L’Etat islamique s’est entièrement emparé de Palmyre ce jeudi. Hadrien Desuin dénonce l’inaction de la coalition qui préfère sacrifier la cité antique plutôt que d’apporter son concours à Bachar al-Assad.
Le 13 mai, l’offensive de l’Etat islamique débutait à Palmyre, carrefour névralgique du désert syrien et vestige antique d’une civilisation bel et bien disparue. Deux grosses larmes de crocodile ont coulé sur les joues de Laurent Fabius et François Hollande. Une semaine plus tard, une contre-offensive djihadiste fait reculer l’armée syrienne fidèle à Bachar el-Assad. Laquelle doit céder à nouveau le nord de la ville après l’avoir repris quelques heures. Les combats continuent, pourtant la coalition anti-Daesh emmenée par les Occidentaux détourne pudiquement le regard.
Elle continue de bombarder avec succès les positions djihadistes face aux Kurdes, hier à Kobané et aujourd’hui à Hassaké, mais Palmyre l’indiffère.
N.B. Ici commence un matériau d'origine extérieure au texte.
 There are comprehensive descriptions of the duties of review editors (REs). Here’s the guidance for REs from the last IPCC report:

Quelques raids aériens bien guidés auraient pu stopper net les colonnes du Djihad. Mais parce que ce sont des alaouites qui résistent à la barbarie, rien ne sera fait.
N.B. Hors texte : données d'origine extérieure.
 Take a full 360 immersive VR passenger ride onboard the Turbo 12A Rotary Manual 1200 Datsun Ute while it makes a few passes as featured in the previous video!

L’indignation de la communauté internationale est unanime, la directrice générale de l’Unesco Irina Bokova s’active pour sauver Palmyre. Jack Lang, président de l’Institut du monde arabe, a pris les accents des soldats de l’an II sur Europe 1: « Il faut massacrer ces massacreurs et sauver Palmyre ! » Décidément ses camarades font peu de cas de nos racines gréco-latines. La culture n’a pas d’importance quand les « méchants » la défendent. Comme si l’Occident ne parvenait pas à sortir de son manichéisme pour prendre la moins mauvaise des solutions.
Cette indignation stérile s’explique aisément : la bataille de Palmyre remet en cause le dogme de l’alliance tacite entre Bachar et l’EI. C’est le conte que rabâche depuis quatre ans les chantres de « l’opposition syrienne » : Bachar et l’EI sont alliés, ils sont les deux têtes d’une même hydre bicéphale. Tandis que des combats opposent depuis des années les troupes loyalistes aux soldats du califat à Der Ez Zor, à Damas et ailleurs, tout est fait pour minimiser sinon effacer la part que prend l’armée loyaliste dans la lutte contre Daesh.
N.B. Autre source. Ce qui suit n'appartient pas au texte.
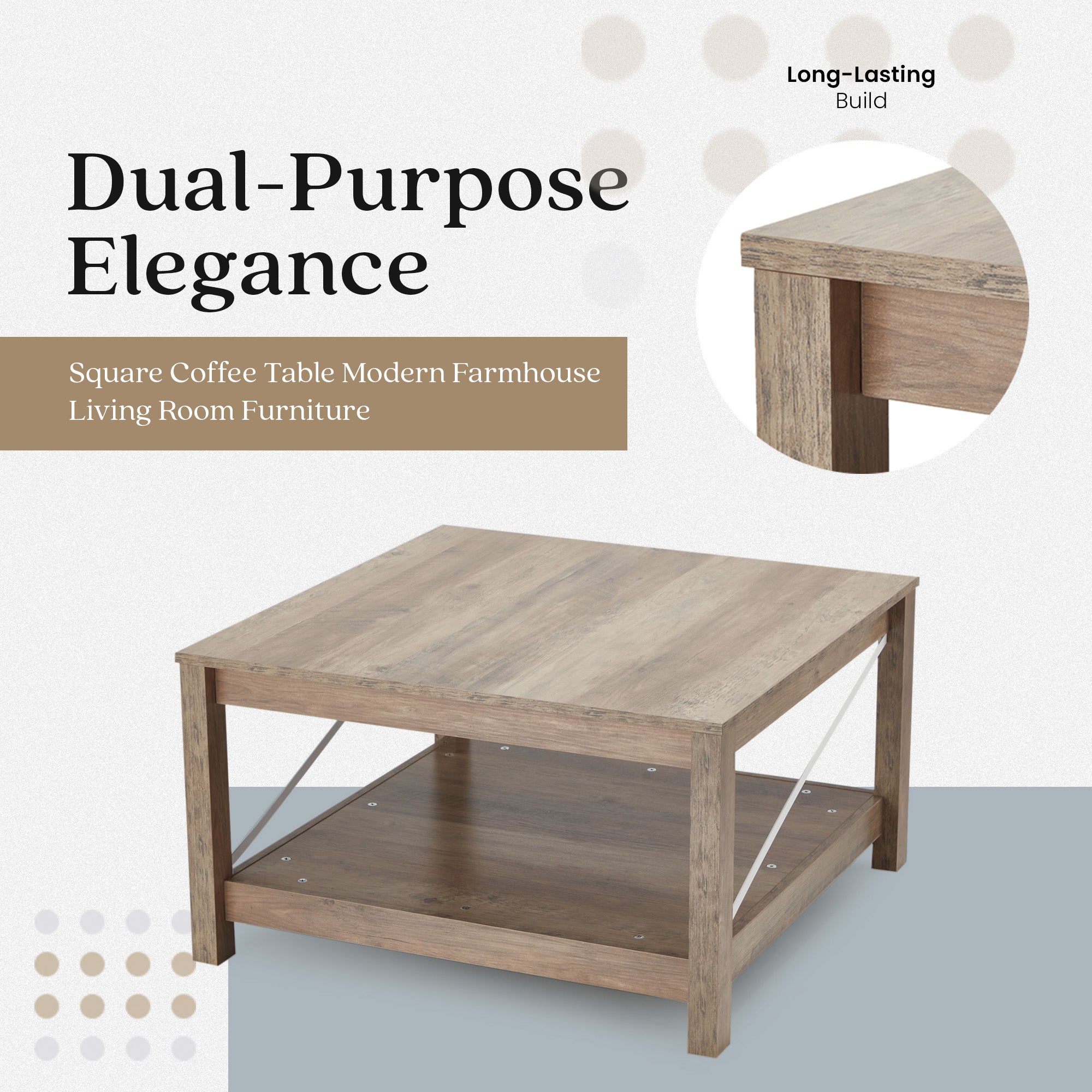 JOMEED 31.5" Square Coffee Table Modern Farmhouse Living Room Furniture, Beige

Une fable qui cède le plus souvent à la facilité complotiste : l’EI est une créature de Bachar el-Assad. Conclusion imparable des derniers rêveurs du Printemps arabe : pour vaincre Daesh, il faut renverser Bachar. Et si, après Palmyre, c’était l’Etat islamique qui renversait Bachar, le maître de Damas serait-il encore coupable ?
Soucieuse de se montrer réactive, la diplomatie française se hâte lentement. Elle a décidé de prendre une initiative bien de chez nous : ses partenaires internationaux, dont John Kerry, sont invités le 2 juin à Paris pour une réunion. Mais que sera Palmyre dans douze jours ? Il suffit d’un ordre pour modifier la trajectoire de nos aéronefs qui bombardent l’EI de l’autre côté de la frontière syrienne. On voudrait enterrer Palmyre discrètement qu’on ne s’y prendrait pas autrement.
Parce qu’on préfère sacrifier un pan entier de notre civilisation plutôt que de donner une victoire à Bachar, rien ne sera fait pour sauver Palmyre. Dans une quinzaine de jours, quand nos diplomates se réuniront au Quai d’Orsay, les ruines fumantes de la ville porteront d’autres stigmates que ceux du temps, ceux de la furie et de l’indifférence des hommes, ceux des duels d’artillerie. Une deuxième fois, et quel que soit le vainqueur, Palmyre sera détruite.
*Hadrien Desuin, ancien élève de l’Ecole spéciale militaire de St-Cyr puis de l’Ecole des officiers de la Gendarmerie nationale, est titulaire d’un master II en relations internationales et stratégie sur la question des Chrétiens d’Orient, de leurs diasporas et la géopolitique de l’Égypte, réalisé au Centre d’études et de documentation économique, juridique et social (CNRS/MAE) au Caire en 2005. Il collabore à Causeur et Conflits où il suit l’actualité de la diplomatie française dans le monde.